Like the judicial system WADA allows for tolling of the SOL if a doper lied under oath or to an official investigation. The Hellebuyck case set the precedence

http://www.usada.org/uploads/hellebuyckaaaruling.pdf

Armstrong lied when he tested positive for Cortisone in 1999
Armstrong, and others, lied in the official investigation into the dumping of drugs and syringes in 2000
He obstructed the investigation into the 2001 positive for EPO 
He lied under oath in the 2006 SCA case


----------



## Jason1500 (Apr 1, 2008)

Doctor Falsetti said:


> Nope
> 
> Like the judicial system WADA allows for tolling of the SOL if a doper lied under oath or to an official investigation. The Hellebuyck case set the precedence
> 
> ...


I'm sorry there's a huge difference. Hellebuyck admitted to Runners World in 2010 that he in fact doped and that his testimony in 2004 arbitration hearing was a lie hence the decision to go back further then 8yrs since Hellebuyck lied in arbitration. I agree with that decision. 
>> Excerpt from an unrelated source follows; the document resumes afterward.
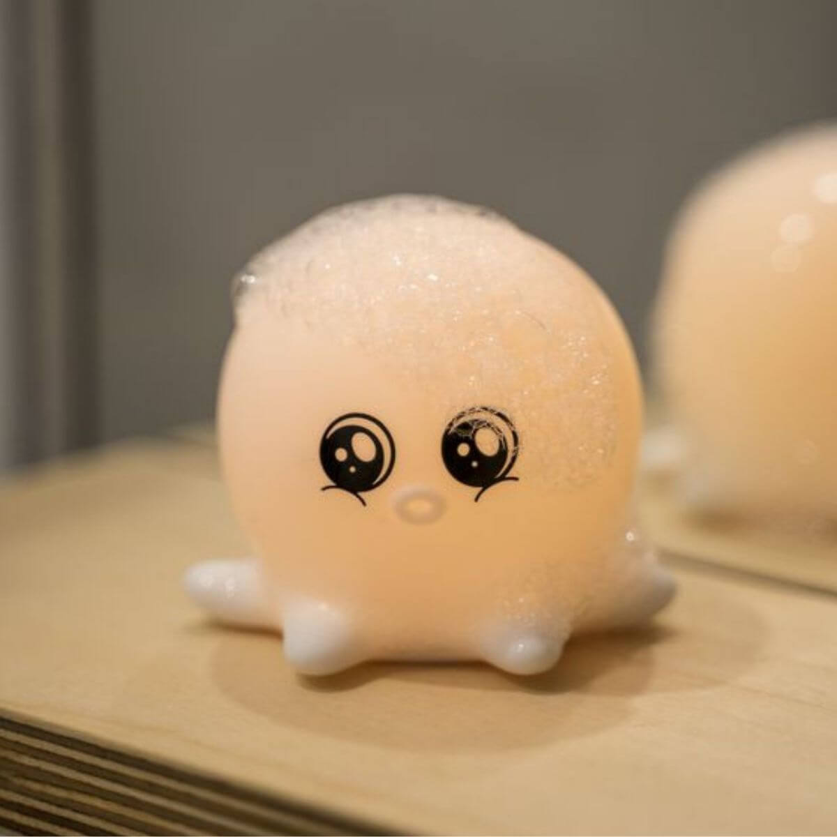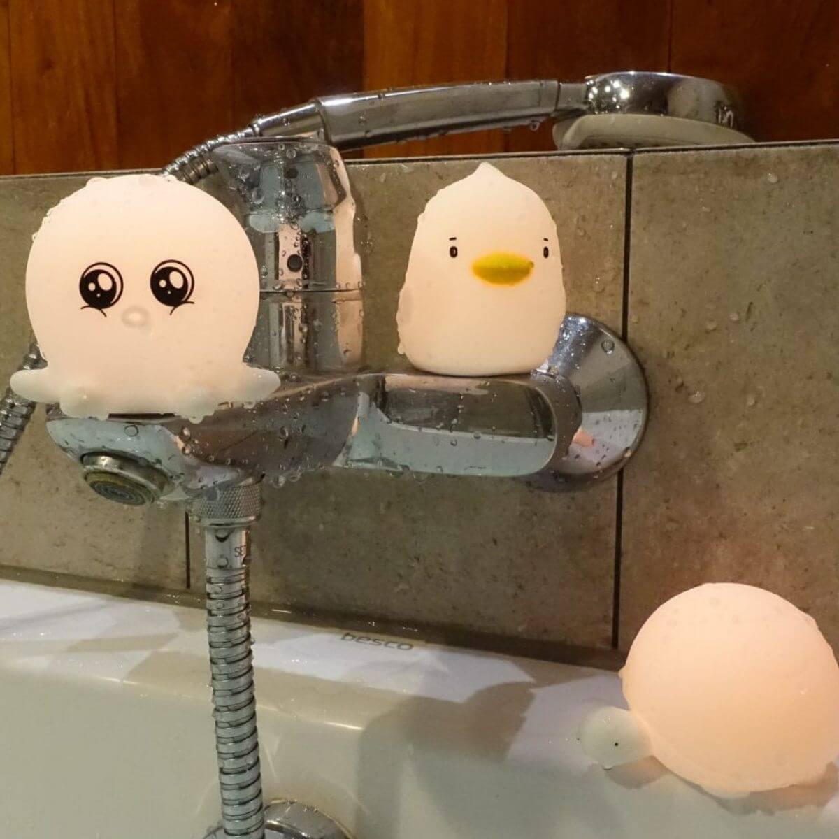 Tres mini lámparas acuáticas en silicona libre de BPA para jugar y acompañar el baño. Flotan, son resistentes al agua y cambian de color al tocar su superficie; emiten 1 minuto de luz blanca al activarse y se apagan automáticamente tras 1 minuto de inactividad. Favorecen la exploración sensorial, el juego autónomo y la confianza en el agua.

However, Armstrong has never admitted to lying and has never been found guilty of lying. The examples you cite above are only allegations at best. All I'm saying is USADA shouldn't be able to dismiss their own SoL by finding Armstrong guilty of fraud without even having a hearing on the matter, the accuser acting as jury is wrong no matter who it's against. Let them prove Armstrong lied in 1999, 2000, 2001, 2006.


----------



## Addict07 (Jun 23, 2011)

Jason1500 said:


> I'm sorry there's a huge difference. Hellebuyck admitted to Runners World in 2010 that he in fact doped and that his testimony in 2004 arbitration hearing was a lie hence the decision to go back further then 8yrs since Hellebuyck lied in arbitration. I agree with that decision.
> 
> However, Armstrong has never admitted to lying and has never been found guilty of lying. The examples you cite above are only allegations at best. All I'm saying is USADA shouldn't be able to dismiss their own SoL by finding Armstrong guilty of fraud without even having a hearing on the matter, the accuser acting as jury is wrong no matter who it's against. Let them prove Armstrong lied in 1999, 2000, 2001, 2006.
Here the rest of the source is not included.